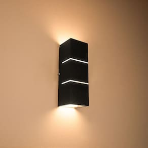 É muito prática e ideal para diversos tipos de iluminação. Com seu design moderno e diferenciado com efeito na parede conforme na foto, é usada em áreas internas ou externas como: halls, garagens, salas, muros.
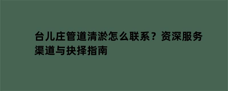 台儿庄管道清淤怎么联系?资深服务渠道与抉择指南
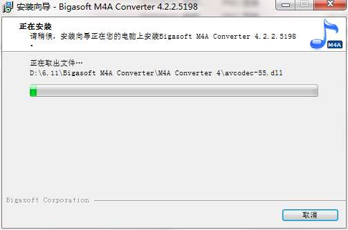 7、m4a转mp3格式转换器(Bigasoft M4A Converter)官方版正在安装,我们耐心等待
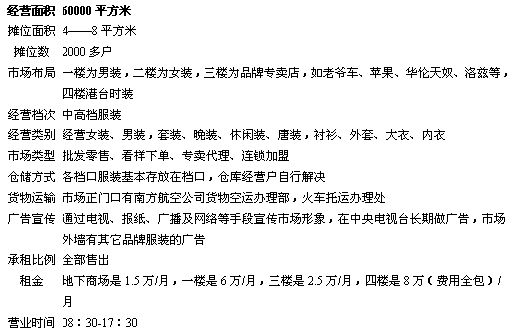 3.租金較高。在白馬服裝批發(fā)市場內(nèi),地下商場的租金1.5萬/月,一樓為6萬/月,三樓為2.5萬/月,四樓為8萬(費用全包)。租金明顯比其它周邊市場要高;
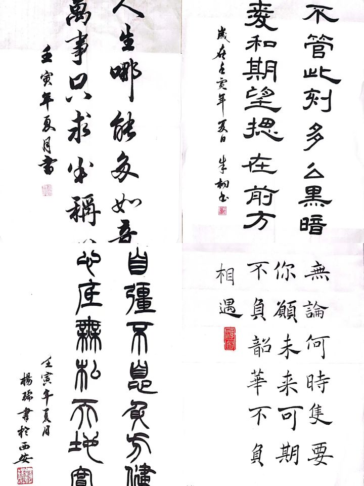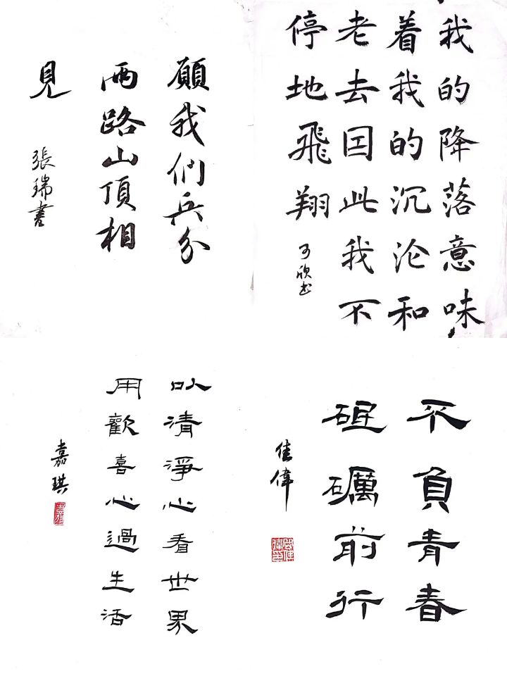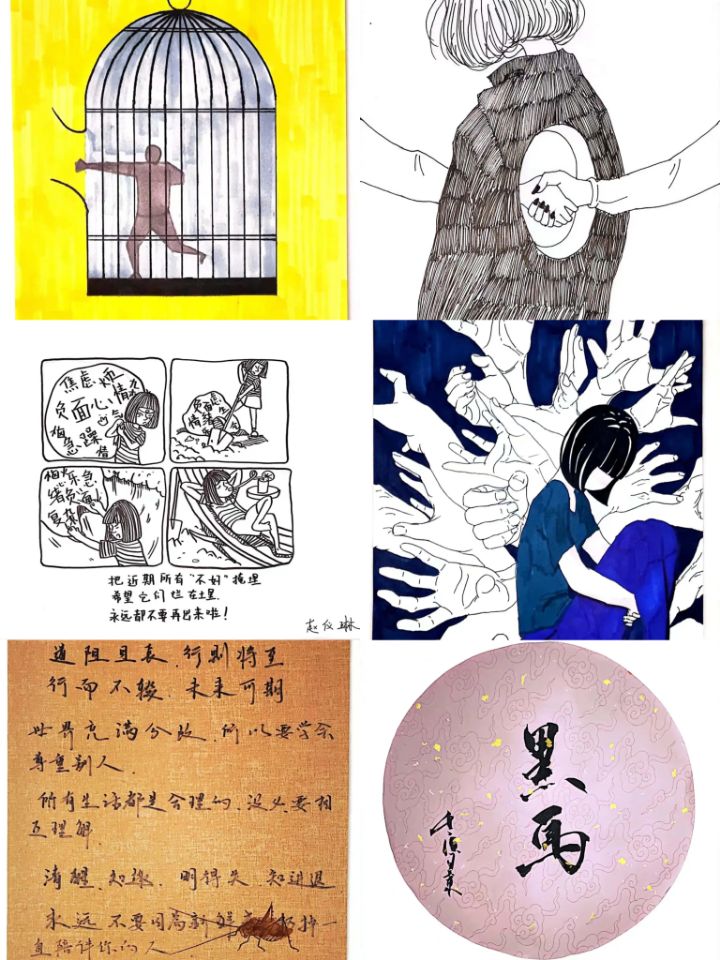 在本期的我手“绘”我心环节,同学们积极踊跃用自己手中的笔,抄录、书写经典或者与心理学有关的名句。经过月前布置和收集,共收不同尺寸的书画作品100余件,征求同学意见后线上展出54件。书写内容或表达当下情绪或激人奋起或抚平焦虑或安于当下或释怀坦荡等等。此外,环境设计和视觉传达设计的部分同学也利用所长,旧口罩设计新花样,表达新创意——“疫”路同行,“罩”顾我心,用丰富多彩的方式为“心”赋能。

* * * * *

-- Task item --
Transcribe all entries above exactly. Omit the pictures.

-- Reply to the task --
 É muito prática e ideal para diversos tipos de iluminação. Com seu design moderno e diferenciado com efeito na parede conforme na foto, é usada em áreas internas ou externas como: halls, garagens, salas, muros.
 台儿庄管道清淤怎么联系?资深服务渠道与抉择指南
 7、m4a转mp3格式转换器(Bigasoft M4A Converter)官方版正在安装,我们耐心等待
 3.租金較高。在白馬服裝批發(fā)市場內(nèi),地下商場的租金1.5萬/月,一樓為6萬/月,三樓為2.5萬/月,四樓為8萬(費用全包)。租金明顯比其它周邊市場要高;
 在本期的我手“绘”我心环节,同学们积极踊跃用自己手中的笔,抄录、书写经典或者与心理学有关的名句。经过月前布置和收集,共收不同尺寸的书画作品100余件,征求同学意见后线上展出54件。书写内容或表达当下情绪或激人奋起或抚平焦虑或安于当下或释怀坦荡等等。此外,环境设计和视觉传达设计的部分同学也利用所长,旧口罩设计新花样,表达新创意——“疫”路同行,“罩”顾我心,用丰富多彩的方式为“心”赋能。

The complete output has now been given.